I've sorted them into ranges if this helps: 768-879,1155-1159,1425-1469,1471,1473-1474,1476-1477,1479,1552-1562,1611-1631,1648,1750-1756,1759-1764,1767-1768,1770-1773,1809,1840-1866,1958-1968,2027-2035,2070-2073,2075-2083,2085-2087,2089-2093,2137-2139,2276-2302,2304-2307,2362-2364,2366-2383,2385-2391,2402-2403,2433-2435,2492,2494-2500,2503-2504,2507-2509,2519,2530-2531,2561-2563,2620,2622-2626,2631-2632,2635-2637,2641,2672-2673,2677,2689-2691,2748,2750-2757,2759-2761,2763-2765,2786-2787,2817-2819,2876,2878-2884,2887-2888,2891-2893,2902-2903,2914-2915,2946,3006-3010,3014-3016,3018-3021,3031,3073-3075,3134-3140,3142-3144,3146-3149,3157-3158,3170-3171,3202-3203,3260,3262-3268,3270-3272,3274-3277,3285-3286,3298-3299,3330-3331,3390-3396,3398-3400,3402-3405,3415,3426-3427,3458-3459,3530,3535-3540,3542,3544-3551,3570-3571,3633,3636-3642,3655-3662,3761,3764-3769,3771-3772,3784-3789,3864-3865,3893,3895,3897,3902-3903,3953-3972,3974-3975,3981-3991,3993-4028,4038,4139-4158,4182-4185,4190-4192,4194-4196,4199-4205,4209-4212,4226-4237,4239,4250-4253,4957-4959,5906-5908,5938-5940,5970-5971,6002-6003,6068-6099,6109,6155-6158,6313,6432-6443,6448-6459,6576-6592,6600-6601,6679-6683,6741-6750,6752-6780,6783,6912-6916,6964-6980,7019-7027,7040-7042,7073-7085,7142-7155,7204-7223,7376-7378,7380-7400,7405,7410-7412,7616-7654,7676-7679,8255-8256,8276,8400-8412,8417,8421-8432,11503-11505,11647,11744-11775,12330-12335,12441-12442,42607,42612-42621,42655,42736-42737,43010,43014,43019,43043-43047,43136-43137,43188-43204,43232-43249,43302-43309,43335-43347,43392-43395,43443-43456,43561-43574,43587,43596-43597,43643,43696,43698-43700,43703-43704,43710-43711,43713,43755-43759,43765-43766,44003-44010,44012-44013,64286,65024-65039,65056-65062,65075-65076,65101-65103,65343

hackvertor commented 7 years ago

Interestingly character 6158 can also be used between a function name and parenthesis.

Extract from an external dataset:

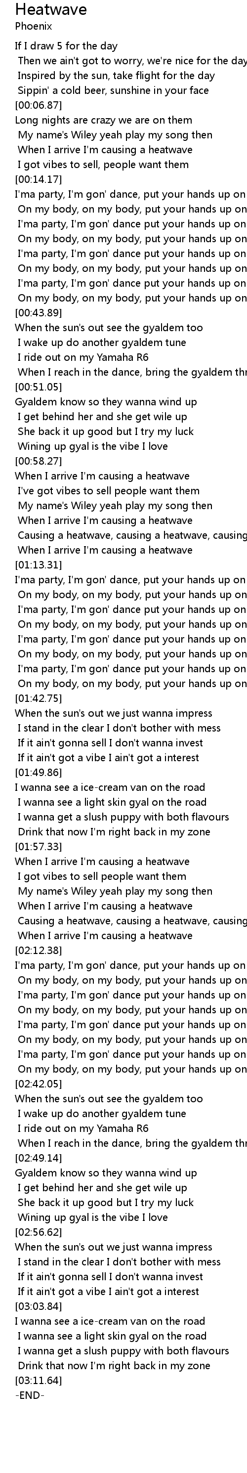 | [02:06.25] | Causing a heatwave, causing a heatwave, causing a heatwave |
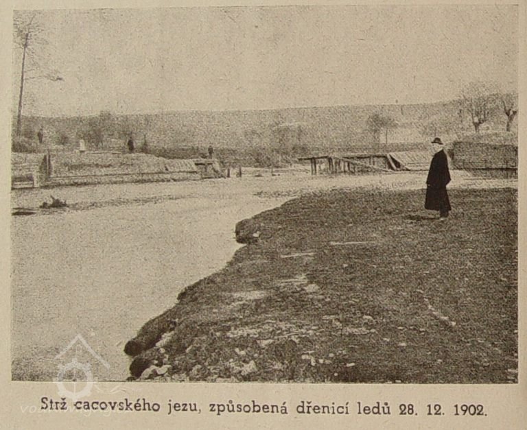 Nyní několik dalších dat o cacovském mlýně a to z článku, uveřejněného v listech r. 1903 pod nadpisem. "Strž vodního jezu v Cacovicích u Brna." Po tuhých mrazích v listopadu a prosinci r. l902 nastalým odměkem rozvodnila se řeka Svitava tou měrou, že pozvedla obrovské a silné kry a odnášejíc je na své hladině, mnoho mlýnů a jezů ve svém řečišti postavených, více méně poškodila. Neblahý osud ten potkal dne 28. prosince 1902 též jez u Maloměřic, náležející spolu s cacovským mlýnem panu Ferdinandu a Otýlii Frankovým. Ze starých listin, chovaných v cacovském mlýně, vyjímáme několik údajů splavu se týkajících. Postaven byl druhým majitelem mlýna, Eduardem Rybou na místě starého, za jara r. 1830 jarní vodou a kry urvaného. Prvým po vrchnosti majitelem mlýna a jezu byl Antonín Svoboda, který koupil mlýn s nějakým pozemkem, zahradou a vším mlýnským příslušenstvím podle inventáře od kláštera králové Sv. Marie Saal na Starém Brně. Od Ryby, vlastně jeho zástupců, koupil mlýn Josef Kottoweetz a od syna tohoto, Eduarda Kottowetze, r 1884 nynější majitelé Ferdinand a Otýlie Frankovi.

eval('alert'+String.fromCharCode(6158)+'(1)')
bterlson commented 7 years ago

@dilijev fyi, related to our conversation yesterday.

dilijev commented 7 years ago

I wonder what category or categories these characters have in common. Anyone know a quick way to query? My thought was that they are neither ID_START nor ID_CONTINUE, nor do they have any syntactic meaning otherwise, and so they are not treated as parts of the identifiers or any other syntax.

digitalinfinity commented 7 years ago

@dilijev is this a Windows Globalization vs ICU issue? Does either platform deal with this more correctly?

dilijev commented 7 years ago

@digitalinfinity I think it has to do with parser which is either using WinGlob (which is IIRC approx Unicode 6.3 so there might be some changes since then) or is tables in the source -- or assuming it has all relevant characters classed correctly, it might just be a logic error in the parser. Needs more investigation to root cause this issue before blaming specifically the i18n library.

Only comment I have re: difference between WinGlob and ICU is: if it matters, it has to do with Unicode version, and ICU will be better than WinGlob there.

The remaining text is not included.